Here $g_{\mathrm{pooling}}(e,P^{\prime})$ applies Average Pooling to compress feature map $e$ from $P^{2}$ to $P^{\prime2}$ size along width and height dimensions. concat $(a,b)$ means concatenating tensors $a$ and $b$ along time axis.

这里 $g_{\mathrm{pooling}}(e,P^{\prime})$ 对特征图 $e$ 应用平均池化 (Average Pooling) ,将其从 $P^{2}$ 尺寸沿宽度和高度维度压缩至 $P^{\prime2}$ 尺寸。concat $(a,b)$ 表示沿时间轴拼接张量 $a$ 和 $b$ 。

3.3 Real-time LLM decoder

3.3 实时大语言模型解码器

The LLM decoder works as part of a real-time question answering server. When triggered by a question $Q^{t}$ at time $t$ , the LLM decoder first calculates the text embedding $I_{\mathrm{text}}^{t}=f_{\mathrm{embed}}(Q^{t})$ and maps the STAR memory $M^{t}=M_{\mathrm{spa}}^{t}+M_{\mathrm{tem}}^{t}+M_{\mathrm{abs}}^{t}+M_{\mathrm{ret}}^{t}$ to embedding space with the projector $I_{\mathrm{vision}}^{t}=f_{\mathrm{proj}}(M^{t})$ . Then it starts to generate answer $A^{t}=f_{\mathrm{LLM}}(I_{\mathrm{text}}^{t},I_{\mathrm{vision}}^{t})$ .decode() in real time.

大语言模型解码器作为实时问答服务器的一部分运行。当在时间 $t$ 被问题 $Q^{t}$ 触发时,大语言模型解码器首先计算文本嵌入 $I_{\mathrm{text}}^{t}=f_{\mathrm{embed}}(Q^{t})$ ,并通过投影器 $I_{\mathrm{vision}}^{t}=f_{\mathrm{proj}}(M^{t})$ 将STAR记忆 $M^{t}=M_{\mathrm{spa}}^{t}+M_{\mathrm{tem}}^{t}+M_{\mathrm{abs}}^{t}+M_{\mathrm{ret}}^{t}$ 映射到嵌入空间。随后开始实时生成答案 $A^{t}=f_{\mathrm{LLM}}(I_{\mathrm{text}}^{t},I_{\mathrm{vision}}^{t})$ 。decode()。
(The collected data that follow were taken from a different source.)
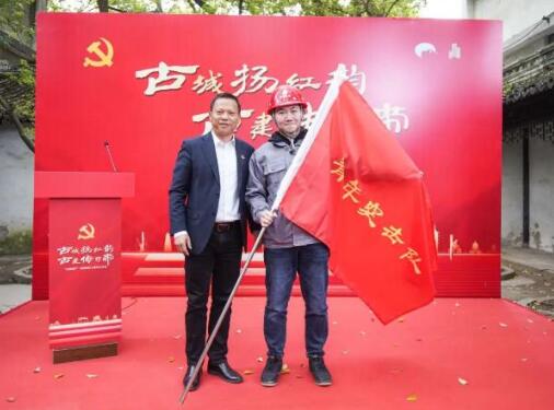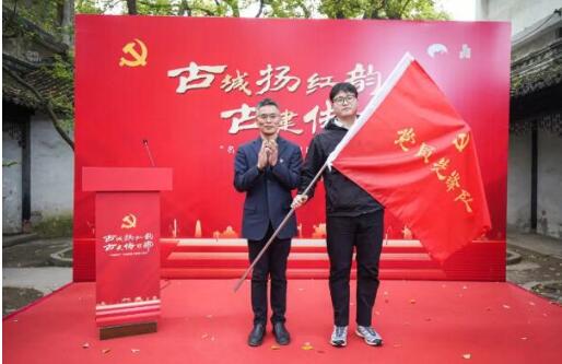 苏州名城保护集团党委副书记钱菊兴向“党员先锋队”授旗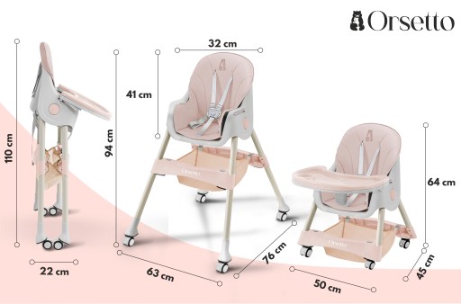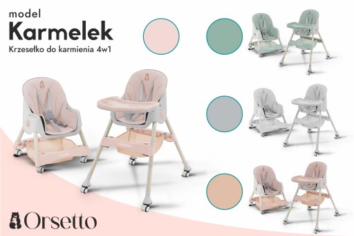Krzesełko do karmienia 4w1 ORSETTO KARMELEK.W codziennym życiu rodzica nie brakuje wyzwań, dlatego z przyjemnością przedstawiamy nasze krzesełko do karmienia ORSETTO KARMELEK. Zostało ono stworzone, aby ułatwić i uprzyjemnić codzienne obowiązki. Poznaj wszechstronne krzesełko 4w1, które dostosowuje się do potrzeb Twojego dziecka w miarę jego wzrostu. Dzięki różnym konfiguracjom - wysokie wolnostojące krzesełko, wysokie krzesełko dosunięte do stołu, niskie wolnostojące krzesełko oraz niskie krzesełko - codzienne zadania staną się prostsze i mniej czasochłonne. ORSETTO KARMELEK to Twój niezastąpiony pomocnik w każdej sytuacji.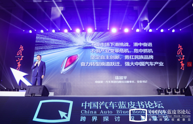 中国一汽董事长、党委书记徐留平发表了《不畏市场下滑挑战,滑中奋进 布局产业变革危机,危中抓机 坚定自主创新,勇抗民族品牌 奋力转型换道跃迁,强大中国汽车产业》为主题的演讲。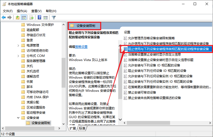 8、注意:设置之后,该设备的驱动更新就无法安装上去了,如果之后要更新这个设备驱动,需要在组策略编辑器中取消这个设备的限制,否则无法安装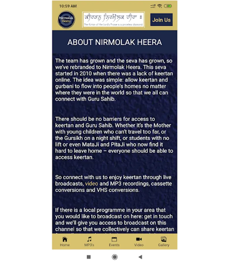 The Nirmolak Heera app has been designed to allow you to search, play and download keertan, katha and paath tracks easily.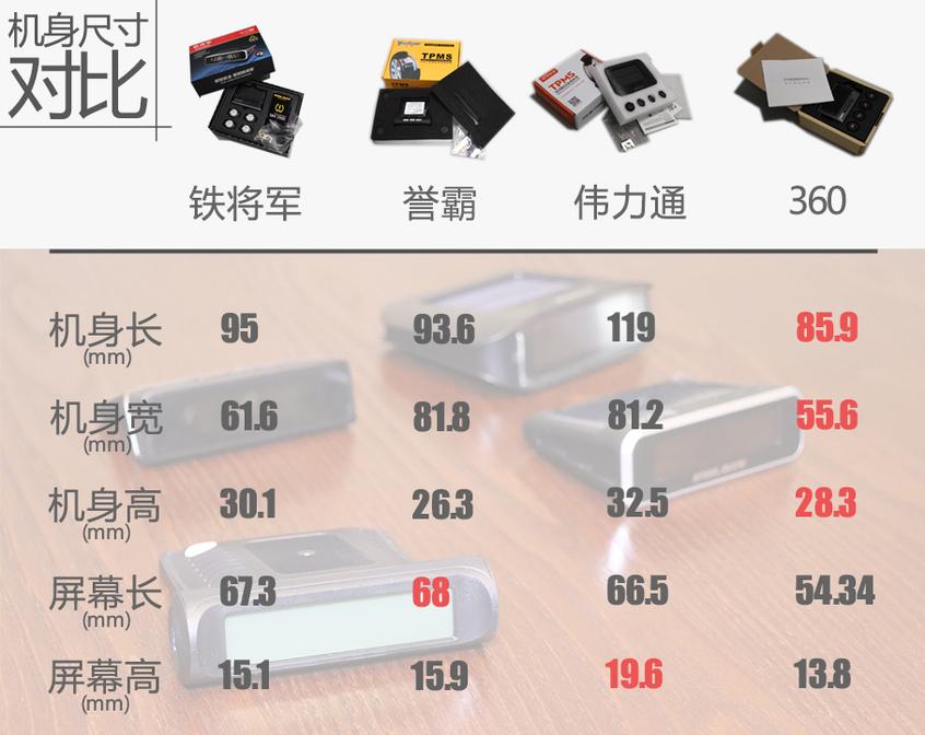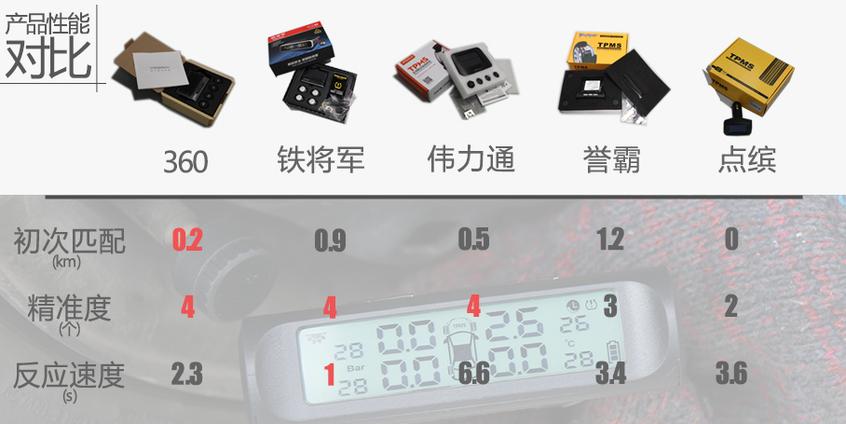 编辑总结: 至于哪款外置胎压监测更具性价比,当然还要有价格作为最基础的参考,我们揭露的价格均来自网购渠道,誉霸65元、360为199元、铁将军229元、伟力通239元,而点缤最贵339元。

3.4 Implementation details

3.4 实现细节

In this study, we utilize pre-trained CLIP ViT-L/14-224px [35] as streaming visual encoder. Following LLaVA [24], we choose a 2-layer-MLP as visual projector and pre-trained Vicuna-7B [7] as LLM decoder. Considering the balance between performance and resource consumption, we set $P_{\mathrm{spa}}=8$ $P_{\mathrm{tem}}=4$ , $P_{\mathrm{abs}}=1$ , $N_{\mathrm{buff}}=300$ , $N_{\mathrm{spa}}=1$ , $N_{\mathrm{tem}}=N_{\mathrm{abs}}=25$ and $N_{\mathrm{ret}}=3$ . The MAXSIZE of STAR memory is set to 681 tokens in order to keep computational efficiency.

在本研究中,我们采用预训练的CLIP ViT-L/14-224px [35]作为流式视觉编码器。遵循LLaVA [24]的方案,选择2层MLP作为视觉投影器,并采用预训练的Vicuna-7B [7]作为大语言模型解码器。权衡性能与资源消耗后,参数设置为 $P_{\mathrm{spa}}=8$ 、 $P_{\mathrm{tem}}=4$ 、 $P_{\mathrm{abs}}=1$ ,缓冲区大小 $N_{\mathrm{buff}}=300$ ,空间采样 $N_{\mathrm{spa}}=1$ ,时序采样 $N_{\mathrm{tem}}=N_{\mathrm{abs}}=25$ ,检索次数 $N_{\mathrm{ret}}=3$ 。为保证计算效率,STAR记忆体的MAXSIZE设为681个token。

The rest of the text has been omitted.